Dans le prochain budget, le gouvernement aura l’occasion d’engager des investissements publics qui créeront de nouveaux emplois et assureront un avenir durable à la prochaine génération de Canadiens.

Pour atténuer le déficit de compétences et la pénurie d’emplois qui en découlera, le Canada doit investir dans l’éducation et la formation. Il devra pour cela augmenter les transferts aux provinces afin d’assurer une éducation postsecondaire plus accessible et abordable dans les universités, collèges et programmes d’apprentissage.
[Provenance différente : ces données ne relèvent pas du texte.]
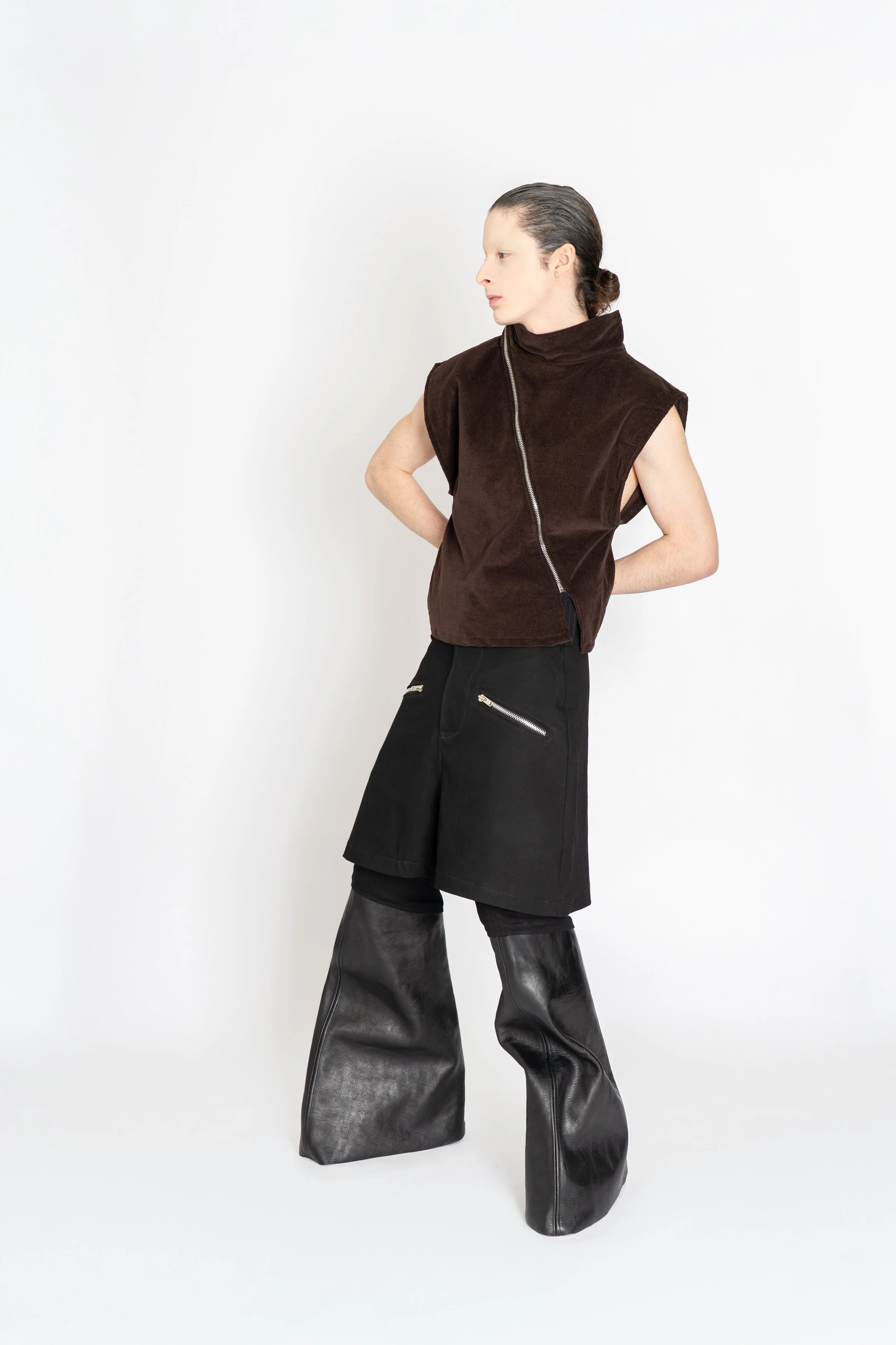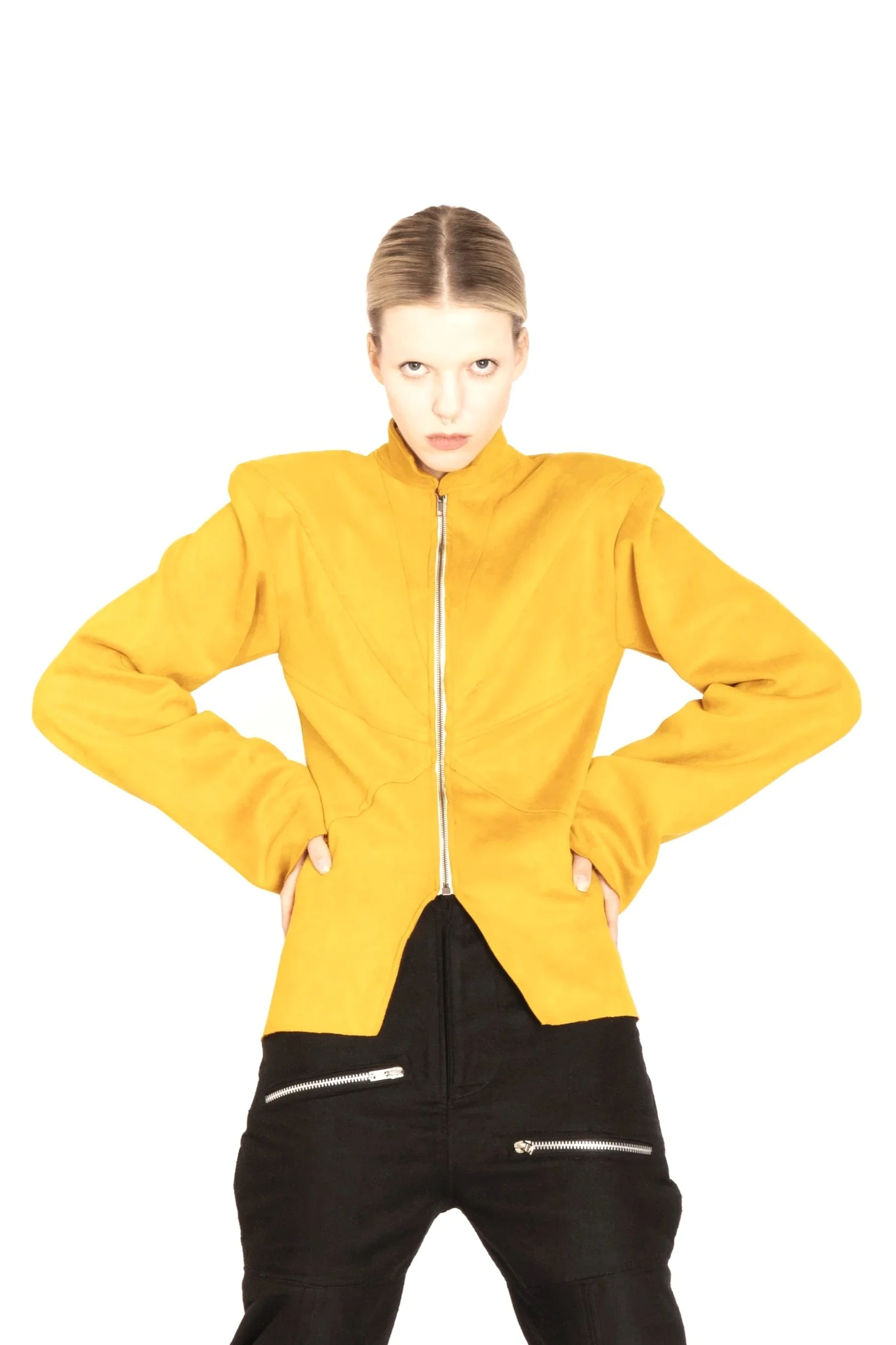 La définition de cette collection se base sur mon obsession pour les formes triangulaires et l’impact qu’elles donnent à mon art. Après GAÏA, mon seul objectif était de perpétuer cette recherche personnelle : casser, transformer et apporter ma propre définition du vêtement. Essayer de revenir à son essentiel.
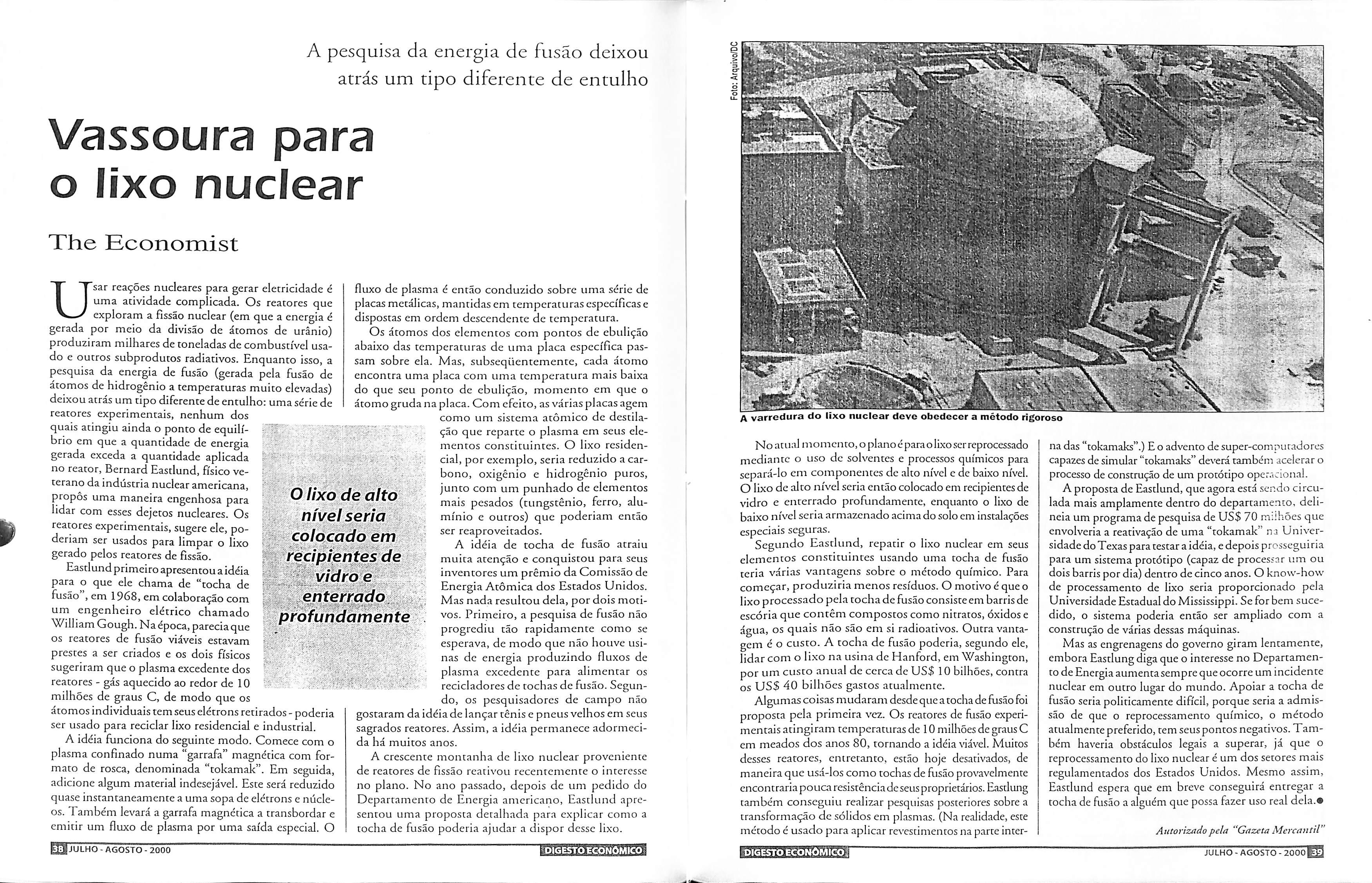 tipo diferente de entulho: uma série de reatores experimentais, nenhum dos quais atingiu ainda o ponto de equilí- - - brio em que a quantidade de energia gerada exceda a quantidade aplicada no reator, Bernard Eastlund, físico terano da indústria nuclear veamericana, propôs uma maneira engenhosa para lidar com esses dejetos nucleares. Os reatores experimentais, sugere ele, po deriam ser usados para limpar o lixo gerado pelos reatores de fissão.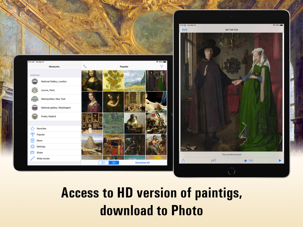There is no need to download different applications for each museum independently, because all of them have already been gathered in one app! Within few clicks you have access to any picture you like in HD quality. The HD pictures` resolution on the average is starting from 1548*4226 to 7689*4215 pixels depending on the original picture size.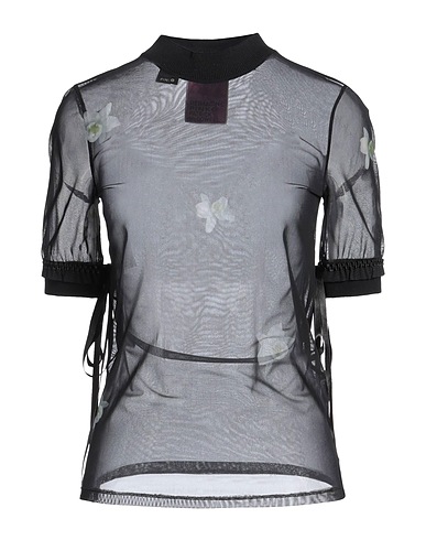 top, tulle, floral-print, gathered, knitted trims, crewneck, short sleeves, unlined, stretch, machine wash, do not bleach, do not tumble dry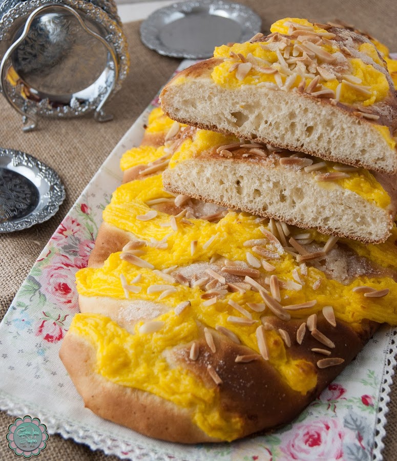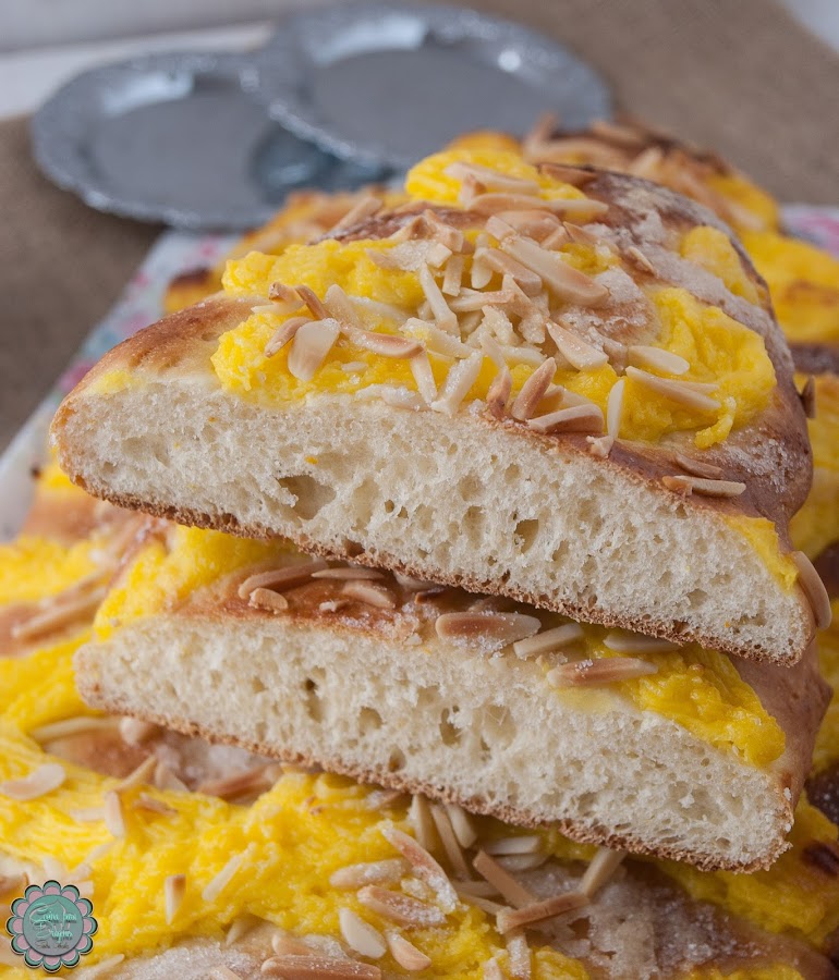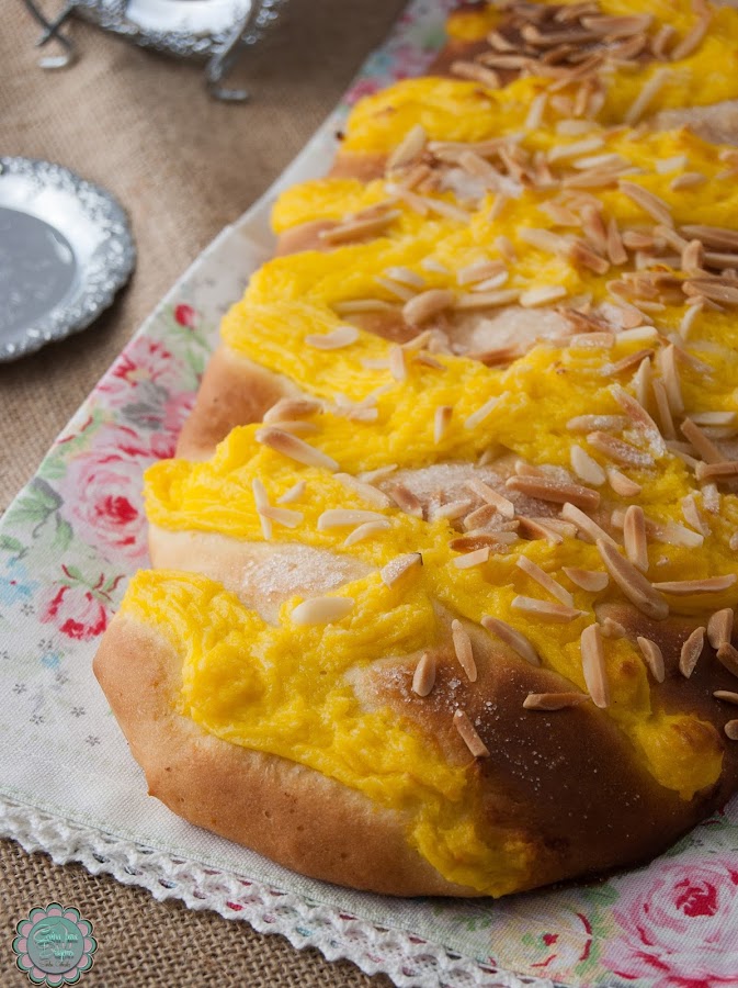 5) Tapamos y dejamos reposar 1 hora más. Precalentamos el horno a 180º, decoramos al gusto con la crema y las almendras, piñones, guindas, etc. y espolvoreamos con azúcar humedecido en agua de azahar. Horneamos hasta que estén doradas.

En cette période qui réclame la poursuite d’investissements dans l’infrastructure, le Canada a une occasion en or d’investir dans une infrastructure nationale « verte ». Cela favoriserait la croissance d’industries vertes et pourrait faire du pays un leader en technologies et en innovation environnementales, une avenue potentiellement lucrative. En plus des retombées positives à court terme de la création d’emplois, les investissements verts protègent l’environnement et assurent des économies d’énergie et de coût constantes.

Enfin, on peut créer plus d’emplois en investissant dans les services publics qu’en baissant les impôts, en plus d’améliorer le niveau de vie de tous les Canadiens. Avec le vieillissement de la génération des baby-boomers, les soins aux aînés – déjà débordés – subiront des pressions additionnelles. Il faut de toute urgence élaborer une stratégie nationale et hausser le financement destiné aux soins publics de longue durée. De plus, un programme national d’éducation de la petite enfance et de garde à l’enfance permettrait à un plus grand nombre de parents de jeunes enfants d’entrer dans le marché du travail. Des programmes de logement abordable et d’aide sociale assurent un soutien essentiel aux plus vulnérables. Les programmes de loisirs, les bibliothèques et le transport en commun viennent aussi en aide aux nombreuses familles qui ont dû réduire leurs dépenses à cause du ralentissement économique.

En période de déficit, les dépenses publiques favorisent l’emploi tout en créant des actifs durables pour les générations futures. Investir aujourd’hui dans l’amélioration du bien-être économique et social de demain ne doit pas être perçu comme un fardeau financier. Si nous ne nous intéressons qu’à l’élimination d’un déficit gérable et que nous oublions d’investir dans l’avenir, nous laisserons à la prochaine génération un héritage de déséquilibre social dont les effets pourraient se faire sentir pendant des décennies.